UCP gives platforms (AI agents and apps), businesses, payment service providers and credential providers a common language. Its architecture is composable: businesses implement Capabilities and declare them in a standardized profile, which platforms discover autonomously and configure themselves against, without one-off integrations. The initial release focuses on four capabilities: Checkout (cart management, tax calculation, flows with or without a human in the loop), Identity Linking (OAuth 2.0 authorization to act on a user’s behalf), Order (webhook-based lifecycle events: shipped, delivered, returned) and Payment Token Exchange (secure token exchange between PSPs and credential providers). Extensions such as discounts and fulfillment add features without bloating the core definitions.

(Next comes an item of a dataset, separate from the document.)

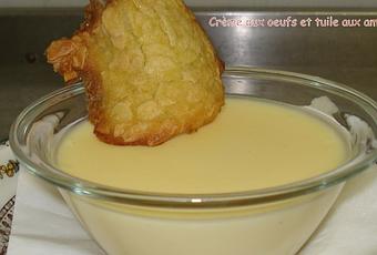 vanille et pendant ce temps on mélange au fouet les oeufs et le sucre, on verse le lait bouillant dessus sans arrêter de mélanger, on retire la 1/2 gousse, on place le tout dans des ramequins et au four (chaleur tournante) à 110°c 50mn, ou au bain marie puis au four traditionnel thermostat 3 ou 4 et pendant ce temps on fait des tuiles : 2 blancs d'oeufs, 60 gr de sucre, 60 gr de farine, 30 gr de beurre mou, une poignée d'amande effilé, mélanger le tout et disposer en petits tas que l'on étale bien à la fourchette sur une plaque de cuisson recouverte d'un papier sulfurisé on fait cuire à four chaud 3 à 6 mn, les tuiles sont cuite quand le bord commence à dorer, sortir du four et poser sur un petit rouleau à pâtisserie quelques minute le temps de refroidir (le mieux étant bien sur d'avoir une tôle ondulé spécial tuiles, il suffit alors de les déposer dans les courbe de la tôle et de laisser refroidir), décorer vos crème avec ces tuiles et bon appétit.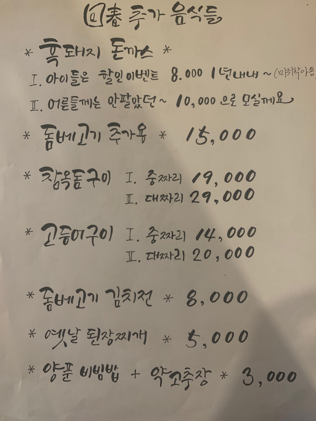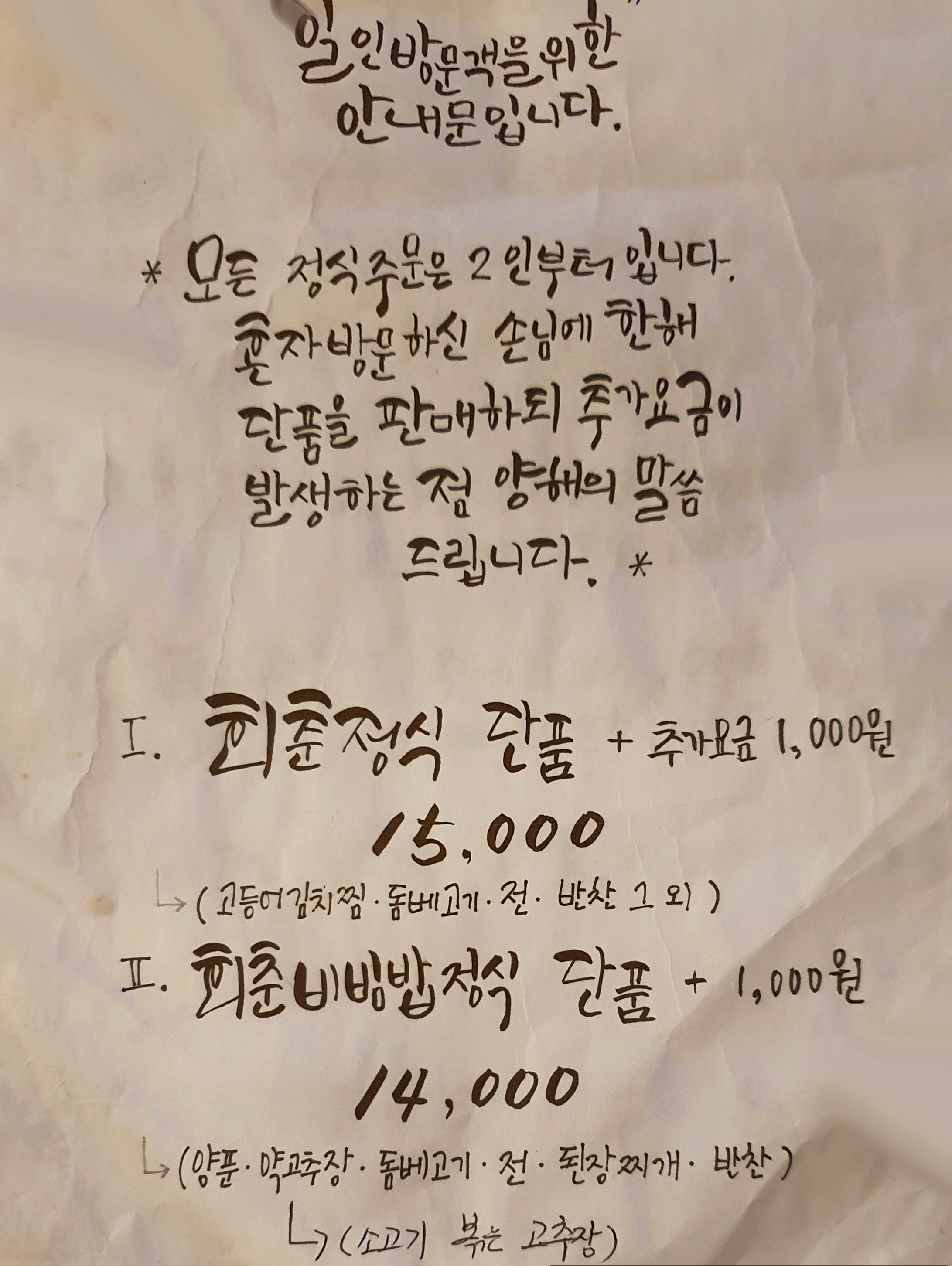 모든 정식 주문은 2인 이상부터가 원칙이지만 1인 방문객을 위해 추가요금을 받고 단품으로도 판매하고 있습니다.

Specification and governance

The specification is published at ucp.dev and on GitHub under Apache 2.0, with SDKs, samples and conformance tests in companion repositories. Three releases have shipped, the latest being v2026-04-08. UCP was co-developed by Google with Shopify, Etsy, Wayfair, Target and Walmart, and endorsed at launch by 20+ organizations including Adyen, American Express, Best Buy, Flipkart, Mastercard, Stripe, Visa and Zalando. The published roadmap extends UCP beyond shopping to new verticals (travel, services), loyalty and personalization.

How UCP fits the stack

UCP is transport-agnostic: capabilities can be served over REST APIs, MCP or A2A, and the protocol is explicitly compatible with AP2 (including AP2 mandates and verifiable credentials for security). Against ACP, the overlap is agent checkout; the difference is scope (full journey vs purchase completion) and surface (Google AI Mode and Gemini vs ChatGPT). See ACP vs UCP.

Limitations and open questions

The first consumer-facing deployment announced is checkout on eligible Google product listings in AI Mode and the Gemini app for eligible US retailers, with Google Pay at launch and PayPal announced; Google stated global expansion would follow in the coming months. UCP is young (first release January 2026) and its real-world merchant coverage is still building. As with all of these standards, verify current deployment status against primary sources before making integration decisions.

Who should care

Retailers that sell through Google surfaces, platforms building agent experiences that need standardized merchant access, and PSPs/credential providers interested in the Payment Token Exchange capability. The adoption tracker lists verified supporters.

Adoption

  • Google: Platform (AI Mode in Search, Gemini app) (2026-01-11). source
  • Shopify: Co-developer (2026-01-11). source
  • Etsy: Co-developer (2026-01-11). source
  • Wayfair: Co-developer (2026-01-11). source
  • Target: Co-developer (2026-01-11). source
  • Walmart: Co-developer (2026-01-11). source

See the full adoption tracker →

Frequently asked questions

Who created UCP and when?
Google launched the Universal Commerce Protocol on 11 January 2026, co-developed with Shopify, Etsy, Wayfair, Target and Walmart.
Is UCP open source?
Yes. UCP is open source under the Apache 2.0 license, with the specification maintained on GitHub (Universal-Commerce-Protocol/ucp).
UCP vs ACP: what is the difference?
ACP (OpenAI + Stripe) focuses on agent checkout and powers Instant Checkout in ChatGPT. UCP (Google + Shopify) covers the whole shopping journey and powers agentic checkout on Google AI Mode and Gemini. A merchant can support both.
Does UCP replace AP2 or MCP?
No. UCP is designed to be compatible with existing protocols, including A2A, AP2 and MCP.